Wirgin was a German company which is still known for its brands Wirgin and Edixa, and for its camera types like the Edina, the Edinex or the Gewirette. It was based in the Hessian capital Wiesbaden and made a line of quite inexpensive 35mm SLRs from the 1950s to the 1970s, including the Edixa Reflex and Edixa-Mat Reflex. Wirgin was West Germany's main producer of SLRs with focal plane shutter. It also produced some of the lenses for its cameras, among them several M42 screw mount lenses.

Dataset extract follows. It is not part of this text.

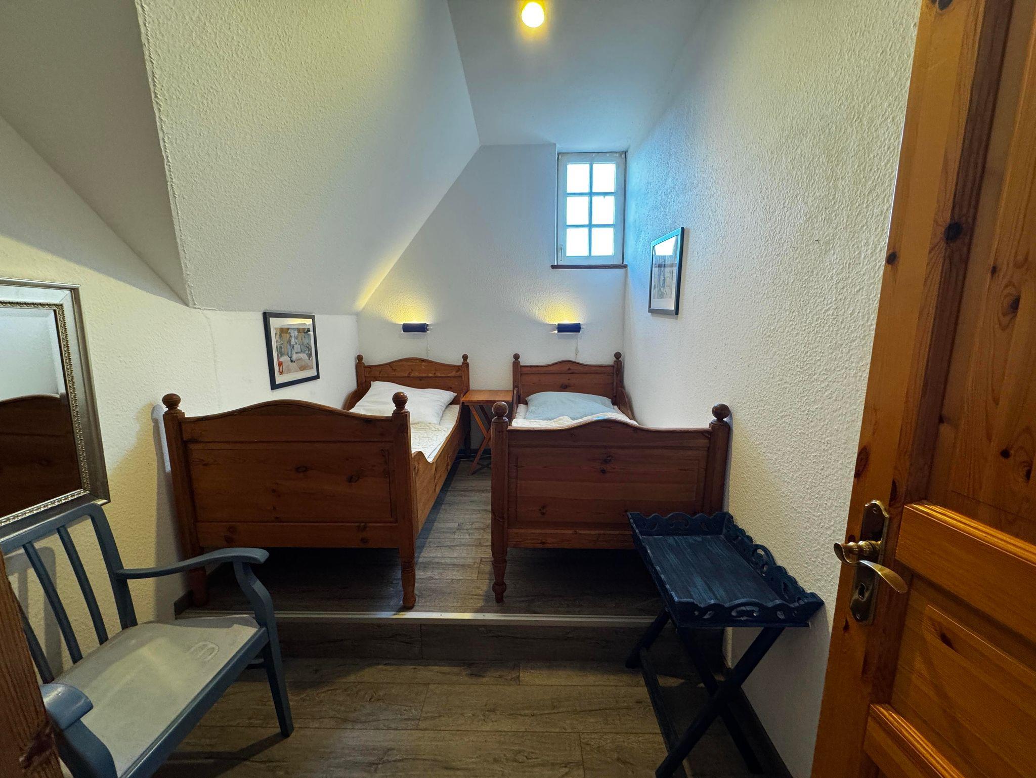 Die Wohnung verfügt über zwei gemütliche Schlafzimmer: Das Elternschlafzimmer ist mit einem komfortablen Doppelbett (1,40 m Breite) und Kleiderschrank ausgestattet, während das Kinderzimmer zwei Einzelbetten sowie Spielzeug zum Entdecken und Spielen bereithält. Bettwäsche ist selbstverständlich inklusive.

Wirgin was founded by the brothers Heinrich, Max and Josef Wirgin in 1920. They introduced their first distinctive camera in 1927, the Edinex, which they produced also as Adrette for Adox. In 1934 the company surprised the market with a very small viewfinder camera for type 127 film, the Gewirette. From the mid-1930s it also made Edinex 35mm viewfinder cameras. These came equipped with Wirgin Gewironar lens and Compur shutter or Steinheil Culminar lens (alike Tessar) with Prontor shutter.

In 1938 Heinrich and Josef Wirgin were still in charge of their company in Wiesbaden. However, the Nazi persecution of the Jews compelled them to escape from Germany, with the help of one of their clerks. Max arrived in the US May 14, 1936, Max helped his brothers follow him to America. The Wirgin factory in Wiesbaden became incorporated into the Adox company.

After the war Heinrich Wirgin came back from America, now as Henry Wirgin, and refounded the Wirgin company in Wiesbaden. An administrative officer of the American occupied zone of Germany sent Heinz Waaske as promising aspirant to Wirgin. At that time Waaske had sold his prototype of a miniature camera to the Americans. In 1951 the talented mechanician Waaske became camera constructor. He constructed the company's first SLR, a model with focal plane shutter, the first camera like that in Western Germany. He also constructed a more elegant SLR prototype, and later a complicated electronically controlled SLR with Compur shutter, and a stereo rangefinder camera.

In 1962 Henry Wirgin bought Franka Kamerawerk. Several 35mm viewfinder cameras had been made in the Franka-Kamerawerk in Bayreuth/Oberfranken, for example the one visible in the picture at the right side of this page, an Edixa with builtin selenium meter and a lens with selectors for shutter speed, aperture and distance.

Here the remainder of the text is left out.